The coronavirus pandemic has disrupted the lives of many people around the world. Charlotte Gainsbourg is one of those people who decided to change their life … or, in a way, to find the one before. The 49-year-old actress, who had moved to a house in New York with her children, in 2013, following the death of her sister Kate Barry on December 11 of that year, turned back last June. In an interview with Madame Figaro and published this Friday, January 15, the daughter of Jane Birkin and Serge Gainsbourg explains why she chose to put her boxes in Paris, in the 7th arrondissement. “In April, New York had become this deserted city, at the end of the world, and I had a panic “, says the singer, distraught by nature. And to continue: “I said to myself : ‘enough to live apart, I need to be with Yvan, my son, my mother, Yvan’s mother. “

It must be said that for years, Yvan Attal and Charlotte Gainsbourg had a long-distance relationship, with its share of difficulties. The mother then returned to France, accompanied by her daughter, Joe (9 years old), and found her lover as well as their eldest son, Ben (23 years old). As for their youngest daughter, Alice (18), she stayed in the United States to continue her studies, housed in a campus. An (almost) whole family, for their greatest happiness.

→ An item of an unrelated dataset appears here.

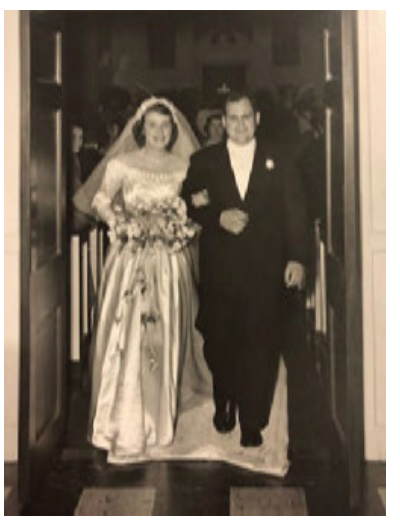
Mystery resident with her husband on their wedding day

© COADIC GUIREC / BESTIMAGECharlotte Gainsbourg surrounded by Yvan Attal and Ben Attal – Preview of the film “Mon chien stupide”, at the UGC Normandie cinema in Paris, October 22, 2019.

The calm before the storm

Beyond the spread of Covid-19, Charlotte Gainsbourg left a very tense climate. Last December, in the pages of Vanity Fair, she described the social context across the Atlantic. “We left while the protests for George Floyd had just broken out “, she declared, while in France, “it was the dead calm (…) so destabilizing”. A more peaceful atmosphere which did not last, however. “And then, now, here too, things are troubled”, she continued, referring to the assassination of Professor Samuel Paty, in Conflans-Sainte-Honorine (Yvelines), which dates back to October 16.

Article written with the collaboration of 6Medias.